I need Thy presence every passing hour;

What but Thy grace can foil the tempters power?

Who like Thyself my guide, and stay can be?

Through cloud and sunshine, O abide with me.

 

I fear no foe, with Thee at hand to bless:

Ills have no weight, and tears no bitterness.

Where is death’s sting?  Where, grave, thy victory?

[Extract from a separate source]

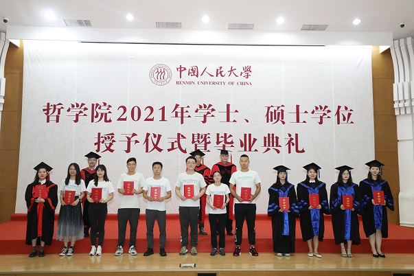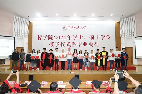 春水堂 学位评定委员会哲学分会主席姚新中宣读《春水堂 关于授予哲学学士学位的决定》,春水堂 学术委员会主任张志伟宣读《春水堂 关于授予哲学硕士学位的决定》。2021年,哲学院共有238人获得学士、硕士和博士学位,其中学士76人,硕士114人,博士48人。

I triumph still, if Thou abide with me.

 

Hold Thou Thy cross before my closing eyes;

Shine through the gloom and point me to the skies;

Heaven’s morning breaks, and earth’s vain shadows flee:

In life, in death, O Lord, abide with me.”

 

You see, Henry Francis Lyte was not afraid to live and he wasn’t afraid to die because he knew that he was not alone.  And we can know that too.  Because God, through Jesus Christ, has helped us find the one person we can trust and has surrounded us with His holy presence and healing touch.

 

CONCLUSION

 

Which leads us to the final scene in our scripture lesson from the 14th chapter of Matthew, and there is one word I would choose to describe it.  That word, from the old King James Version of the Bible, is “inasmuch.” 

 

Matthew says that as Jesus withdrew to a lonely place, the crowds followed Him from the towns.  And when He saw them, Jesus had compassion on them and began to heal the sick.  Then, as evening fell, the disciples said to Him “Lord, this is a lonely place and the day is now over.  Send the crowds away, for they are hungry and need to buy food for themselves.”  But Jesus answered “They need not go away – give them something to eat.”  And what those disciples and the crowd of people witnessed that day has been called ever since “The Feeding of the 5,000.”  Jesus said the blessing over five fish and two loaves of bread, and when the disciples were done serving all of the men, women and children, Matthew says that everyone had been fed.  (Matthew 14:13-21).

 

Now here’s the point of the story:  when we feel lonely, isolated and unrecognized even in the midst of a crowd, that is precisely the moment when God may be calling us to reach out and help somebody else.  Dr. Karl Menninger, the founder of modern day psychiatry and a Presbyterian elder from Topeka, Kansas – Dr. Menninger once said, “If I felt an anxiety attack or break down coming on, I would leave the house, lock the door behind me, cross the street to find someone, anyone in need and try to help them.”

 

And when we do that, God can and will perform a miracle in us.  How do I know?  Because Jesus told us so – Matthew 25, verses 35-40:  I was hungry and you gave me food, thirsty and you gave me drink, a stranger and you welcomed me, naked and you clothed me, sick and you visited me, in prison and you came to me…Truly I say to you, inasmuch as you did it to one of the least of these, you did it unto me.

 

My friends, if you have come here today with a sense of loneliness deep down in your heart, then know beyond the shadow of a doubt that God is here in this place and you are welcomed by this church with open arms.

 

And as you remember those scenes from the life of Jesus Christ in the gospel of Matthew, chapters 13, 14 and 25, then (1) find someone you can trust, (2) pray for God’s presence and healing touch and (3) never forget that word “inasmuch” – Inasmuch as you have done it unto one of the least of these my brothers and sisters, you have done it unto me.  And He has promised to be with you and me, from here to eternity!

 

In the name of the Father and the Son and the Holy Spirit.  Amen.